The Acquisition of the BioPharma Business may result in a loss of customers, clients and strategic alliances.

 

As a result of the Acquisition of the BioPharma Business, some of the customers, clients, potential customers or clients or strategic partners of the Company or the BioPharma Business may terminate their business relationship with us. Potential clients or strategic partners may delay entering into, or decide not to enter into, a business relationship with us because of the Acquisition. If customer or client relationships or strategic alliances are adversely affected by the Acquisition, the Company’s business and financial performance following the Acquisition could suffer.

 

Our results of operations after the Acquisition of the BioPharma Business may be affected by factors different from those currently affecting the results of our operations and the BioPharma Business may not achieve comparable levels of revenues, profitability or productivity that existed prior to the Acquisition, which could harm our business, financial condition or results of operations.

 

Our business prior to the acquisition of the BioPharma Business and our business after the acquisition of the BioPharma Business may differ in certain respects and, accordingly, our results of operations and the market price of our common stock may be affected by factors different from those affecting our results of operations prior to the Acquisition of the BioPharma Business. In addition, once integrated, the BioPharma Business may not achieve comparable levels of revenues, profitability or productivity that existed prior to the Acquisition or otherwise perform as expected. The occurrence of any of these events could harm our business, financial condition or results of operations.

 

The unaudited pro forma financial information included in the Form 8-K/A filed with the SEC on September 20, 2019 may not be representative of our results of operations or financial condition as an integrated company, and the audited historical financial information related to the BioPharma Business included in the Form 8-K/A filed with the SEC on September 20, 2019 may not be representative of future results of operation. Accordingly, there is limited financial information on which to evaluate the financial prospects for the combined company.

 

Prior to the Acquisition, the BioPharma Business was operated by CGI. Accordingly, we have had no history as a combined entity and our operations have not previously been managed on a combined basis. The pro forma financial information is not necessarily indicative of the financial position or results of operations that would have actually occurred had the Acquisition been completed as of the dates indicated, nor is the pro forma financial information or the audited historical financial information related to the BioPharma Business indicative of the future operating results or financial position of the combined company. The pro forma financial information is based in part on certain assumptions regarding the Acquisition of the BioPharma Business that we believe are reasonable under the circumstances. The pro forma financial information does not reflect future nonrecurring charges resulting from the Acquisition or potential changes in accounting methodologies of the BioPharma Business following the closing of the Acquisition.

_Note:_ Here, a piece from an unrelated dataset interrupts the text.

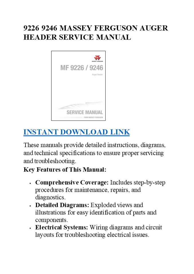 Title: 9226 9246 MASSEY FERGUSON AUGER HEADER SERVICE MANUAL

The pro forma financial information also does not reflect future events that may occur after the Acquisition, including the potential realization of operating cost savings, the incurrence of costs related to the planned integration, the reactions of customers and competitors or the termination or renegotiation of the terms of certain key contracts of the BioPharma Business, and does not consider potential impacts of current market conditions on revenues or expenses.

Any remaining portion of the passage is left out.